XXXV Избитые


(Зачем ты пришла в этот круг, если не для того, чтобы посмеяться над моими несчастьями - ты, которая никому не принадлежит и любит себе подобных? Ради элементарного приличия стоило бы запретить тебе приближаться к тем, с кем ты одного пола и кто страдает под властью своих господ. Ты пришла полюбоваться на то, как меня бьют? Тебе нужно пересчитать мои шрамы - да что я говорю: шрамы? - мои разорванные мочевой пузырь и селезенку, мои сломанные ребра, руки и ноги, мой раздробленный череп, выбитые зубы, растянутые мышцы и связки, мои раны и кровоподтеки? Или тебя больше интересуют орудия и инструменты, которые использовались, чтобы меня изуродовать, искалечить, погрузить в бездну ужаса, сделать тише воды ниже травы? В таком случае вообрази все, что только можешь вообразить. Занеси в свой список все подряд: ружье, нож, скальпель, бритву, веревки, цепи, палку, кнут, боксерский удар кулаком, кувалду и так далее. Если же тебя интересуют сами обстоятельства, все их разновидности - кто-то был избит до смерти кулаками и ногами, кто-то зарезан, кто-то удушен, кто-то в припадке крайнего бешенства застрелен из ружья.)

Уже который раз, вступая в разговор, я становлюсь мишенью для брани и оскорблений. Тем временем Манастабаль, моя проводница, раскладывает перевязочные материалы, мази, шины, иглы для подкожных инъекций, таблетки, достает из своей сумки скальпели и иглы для медицинских швов - не глядя на жертв и даже, кажется, не прислушиваясь к их речам. А те продолжают:

(Ты, которая проводишь свою жизнь как хочешь и гордишься этим, - что тебе здесь нужно? Ты знаешь о том, что в тюрьме, где я брожу меж четырех стен, едва волоча ноги, он принимается тщательно избивать меня ударами тяжелых сапог - сначала пинком в берцовую кость, потом по бедрам, по пизде - его сапог поднимается все выше, по мере того как мое тело складывается пополам, я корчусь и извиваюсь, моя кожа словно покрывается ожогами медуз, которые протягивают свои язвящие щупальца все дальше и дальше, и среди этого града ударов, которые он наносит уже сверху, в моей голове, где-то между глазами и затылком, вспыхивает слабое сияние - и вот мое тело становится влажной бесформенной грудой, не имеющей никакого отношения ко мне, связанной со мной одной только болью; а удары все продолжают сыпаться - в живот, в грудь, в бока, и вот мне кажется, что внутри уже не осталось живого места - но вот новый удар ногой: по глазам, носу, губам - и когда я замираю на полу, опухшая и окровавленная, я ничего уже не вижу, все погружается во мрак.)

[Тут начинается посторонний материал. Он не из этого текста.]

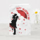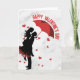 Celebra tu amor con esta elegante y romántica tarjeta de felicitación, que presenta una hermosa silueta de una pareja compartiendo un dulce momento bajo un paraguas rojo con forma de corazón. El diseño clásico en rojo y negro sobre un fondo limpio lo convierte en una elección atemporal para expresar tus sentimientos este Día de San Valentín.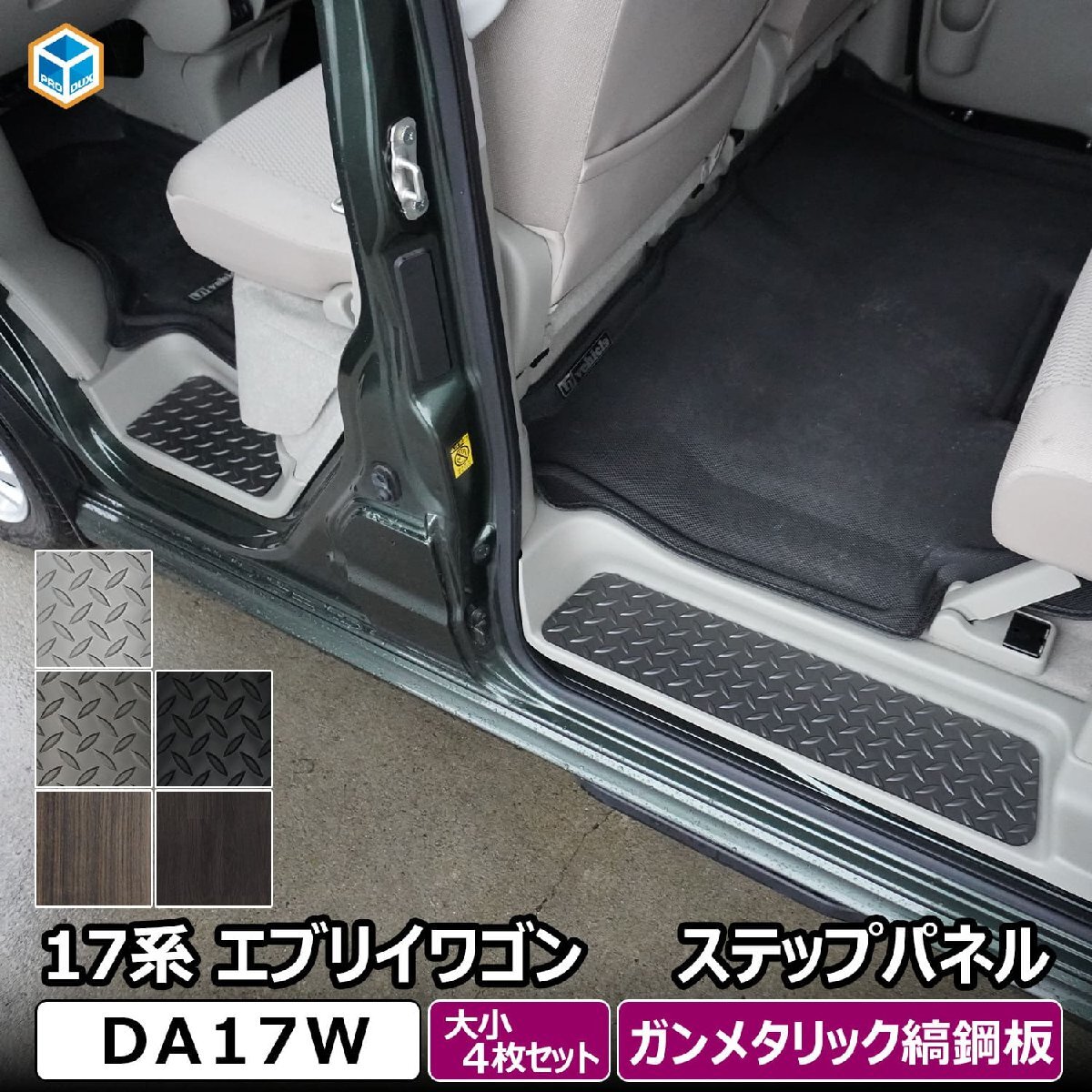 17系 エブリイワゴン ステップパネル 4枚セット 【ガンメタリック縞鋼板】 スズキ ステップカバー カスタム ステップボード ステップガード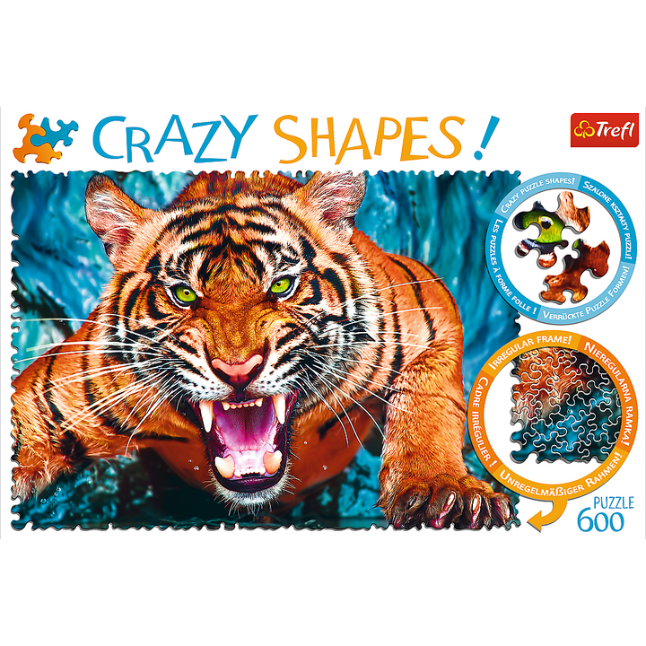 Crazy Shapes 600 piece jigsaw puzzles - eye to eye with a tiger!

Я смотрю на них и вижу, что их лица уже не человеческие. Их голоса сливаются, превращаясь в хриплый рык, бульканье, шипение и свист, раздающийся из бесформенной массы, изуродованной побоями и страданиями. Рассказы о зверствах, жертвами которых они стали, все множатся, звучат все новые подробности. Выясняется, что они настоящие эксперты в области побоев и ранений - их познания обширны и детальны. Для них нет ничего неизвестного в том, как наносить удары, оглушать, бить со всего размаху, сломать нос, крестец или ребра, разбить голову, стремительно набрасываться, избивать, выпускать кишки, дубасить, грубо обращаться, осыпать побоями, калечить руки и ноги, топтать сапогами. Они знают все о ранах и ушибах, которые могут быть получены от раздроблений, разрывов, ударов, переломов. Они знают все о палках, дубинках и тяжелых дубинах, тростях, хлыстах, кольях, ружейных прикладах, кувалдах, прутьях, бычьих жилах, резиновых шлангах, стрекалах. Так же хорошо они знают о холодном оружии (ножи, тесаки, топоры, кинжалы, мечи, бритвы, пилы, ножи для колки льда, ножницы) и огнестрельном (револьверы, ружья, винтовки), с жаром обсуждают в деталях способы заточки одних и перезарядки других. Они рассказывают о протыкании, раздроблении, расчленении, рассечении, разрезании или об изрешечении пулями - и, каким бы плачевным ни было их состояние, они еще усугубляют его своими рассказами. Глядя на них, до такой степени искалеченных, постигнутых столь жестокой участью, что лишь немедленное усиленное лечение могло бы их спасти, мне хочется, чтобы они поберегли силы, и я пытаюсь заставить их замолчать. Но Манастабаль, моя проводница, ощупывая переломы и ушибленные места, вправляя вывихи и приводя в порядок связки, приказывает мне не мешать им говорить:

(Благо, что словами можно умерить те страдания, которые выпали на их долю.)


Загрузка...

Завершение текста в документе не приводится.